如何从多个向量构造一个 numpy 数组，其数据按 id 对齐

Question

如何从多个向量构造一个 numpy 数组，其数据按 id 对齐

Tin*_*tin 2 python numpy machine-learning scikit-learn

我正在使用Python、numpy和scikit-learn。我有存储在 SQL 表中的键和值的数据。我将其作为元组列表检索为：[(id, value),...]。每个 id 在列表中只出现一次，元组按 id 升序排列。这个过程完成了几次，所以我有多个key: value对的列表。这样：

dataset = []
for sample in samples:
    listOfTuplePairs = getDataFromSQL(sample)    # get a [(id, value),...] list
    dataset.append(listOfTuplePairs)

Run Code Online (Sandbox Code Playgroud)

密钥可能在不同的样本中重复，并且每一行的长度可能不同。一个例子dataset可能是：

dataset = [[(1, 0.13), (2, 2.05)],
           [(2, 0.23), (4, 7.35), (5, 5.60)],
           [(2, 0.61), (3, 4.45)]]

Run Code Online (Sandbox Code Playgroud)

可以看出，每一行都是一个样本，并且一些id（在本例中为2）出现在多个样本中。

问题：我希望构建一个适合用 scikit-learn 处理的单个（可能是稀疏的）numpy 数组。
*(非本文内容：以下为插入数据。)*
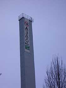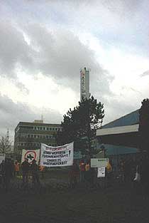 am Schornstein des Gebäudes ein großflächiges Transparent.
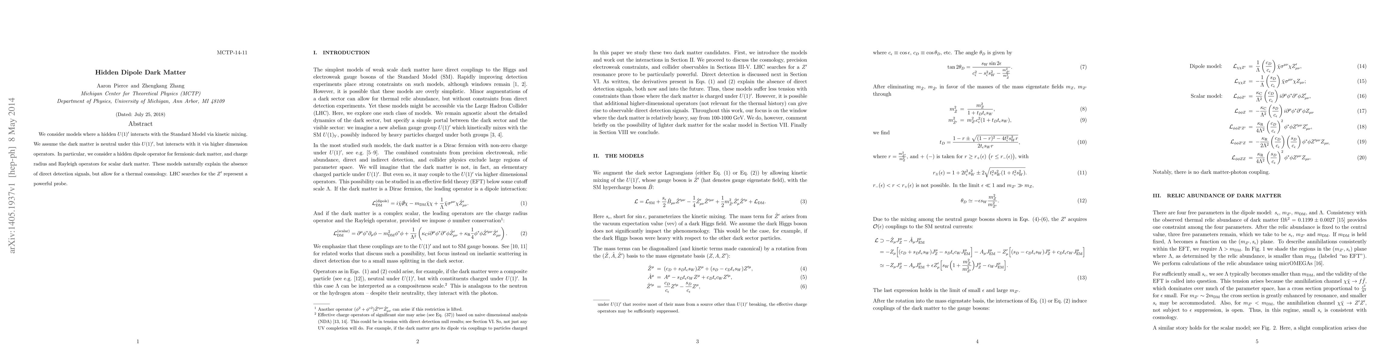 This paper explores dark matter models with a hidden U(1)' gauge symmetry interacting via kinetic mixing, featuring fermionic and scalar dark matter through hidden dipole and other higher-dimension operators. These models evade direct detection but maintain thermal cosmology and are testable via LHC searches for Z' bosons.

与每个样本的特定键 (id) 相关的值应在同一“列”中对齐（如果这是正确的术语），以便上述示例的矩阵如下所示：

    ids =     1    2     3      4    5
          ------------------------------
dataset = [(0.13, 2.05, null, null, null),
           (null, 0.23, null, 7.35, 5.60),
           (null, 0.61, 4.45, null, null)]

Run Code Online (Sandbox Code Playgroud)

如您所见，我还希望从矩阵中去除 id（尽管我需要保留它们的列表，以便我知道矩阵中的值与什么相关。每个初始key: value对列表可能包含数千行，并且可能有几千个样本，因此结果矩阵可能非常大。请提供考虑速度（在 Python 的限制范围内）、内存效率和代码清晰度的答案。

非常非常感谢您的帮助。

Answer 1

Div*_*kar 5

这是一种基于 NumPy 的方法，用于创建coo_matrix关注内存效率的稀疏矩阵-

from scipy.sparse import coo_matrix

# Construct row IDs
lens = np.array([len(item) for item in dataset])
shifts_arr = np.zeros(lens.sum(),dtype=int)
shifts_arr[lens[:-1].cumsum()] = 1
row = shifts_arr.cumsum()

# Extract values from dataset into a NumPy array
arr = np.concatenate(dataset)

# Get the unique column IDs to be used for col-indexing into output array
col = np.unique(arr[:,0],return_inverse=True)[1]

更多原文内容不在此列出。